Now this is the picture of a small farm, probably a one-servant household, could be more but perhaps. This is a guy who sort of does everything. He has to take care of the sheep. He has to take care of the field and then his job is also to prepare a meal. Now which of you are going to say to him when he comes in from the field, 'Wow, you've done so well, sit down and take a load off your feet and let me serve you?' You're not going to do that anymore than your boss is going to come to you after you've worked for five hours and say, "You know, you've done so well in five hours, take a break for three hours. Go home." Wait a minute, don't I have no more value than that? I'm...I'm supposed to do what I'm supposed to do because you're paying me for an eight-hour day, right?
Well this is the way this whole system worked then as well. He had a job. He understood exactly what that job required. And he understood that it was not asking more of him than was expected for him to do what was required by the job. And what was required by the job was you work a long day and you take care of the field and you take care of the sheep and you come in and you give what... This particular meal is about three o'clock in the afternoon, it's not the eight o'clock meal, it's not the last meal of the day, it's the mid-afternoon meal and the work is not done until that meal is given to the master. So everybody knows the answer. Which of you is going to say to him, come immediately and sit down to eat? Nobody... Nobody, because a servant needs to do his duty.
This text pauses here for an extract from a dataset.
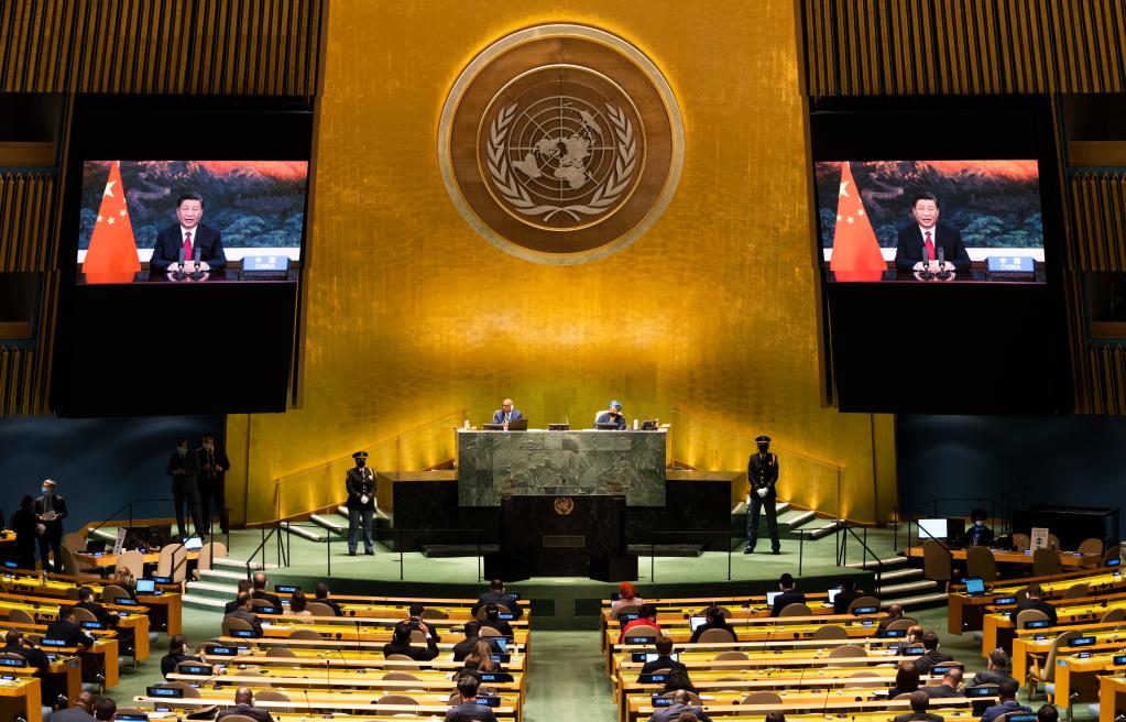 2021年9月21日,習近平在北京以視頻方式出席第七十六屆聯(lián)合國大會一般性辯論并發(fā)表重要講話。新華社記者王迎攝

So verse 9...or verse 8 He says, "Will he not say to him, 'Prepare something for me to eat?’” That's part of your responsibility. And properly clothe yourself and serve me. Don't come in here with...smelling like sheep and dirt. “Go clean up and get me something to eat," while the master's caring for whatever he's caring for. "And I'll eat and drink and then your day is over and afterward, you eat and you drink."
Verse 9, "He doesn't thank the slave because he did the things which were commanded, does he?" That's just an interesting thing, isn't it? They're all rhetorical questions that don't need an answer because everybody knows the answer. Nobody is going to tell the guy that he doesn't have to finish the day's work. They all understand that he is going to say, "Feed me and then come and eat." They all understand that he's not going to thank... That's the word charon, charis, “grace.” He's not going to favor this guy especially because he hasn't done anything special. He's not a volunteer, he's an employee and he's done what he's paid to do.
Kenneth Bailey who has done so much great work in studying the life in the villages of the ancient Middle East and even modern Middle East, writes this, "In a technological age with a 40-hour week, powerful labor unions and time and a half for overtime, the world of this parable seems not only distant but unfair. After a long, hard day in the field such a servant surely has earned the right to a little appreciation, some comforts and a few rewards. But Jesus is building on a well-known and widely accepted pattern of behavior in the Middle East. The master-servant relationship and its ancient and modern expression implies acceptance of authority and obedience to that authority and it's a matter of honor. Yet the outsider needs to be sensitive to the security that this classical relationship provides for the servant and the sense of worth and meaning that is deeply felt on the part of a servant who serves a great man. These qualities of meaning, worth, security and relationship are often tragically missing from the life of the modern industrial worker with his 40-hour week. The servant offers loyalty, obedience, a great deal of hard work, but with an authentic Middle Eastern nobleman, the benefits mentioned above are enormous." And as I said, this is the mid-afternoon lunch and so the work day is not really over.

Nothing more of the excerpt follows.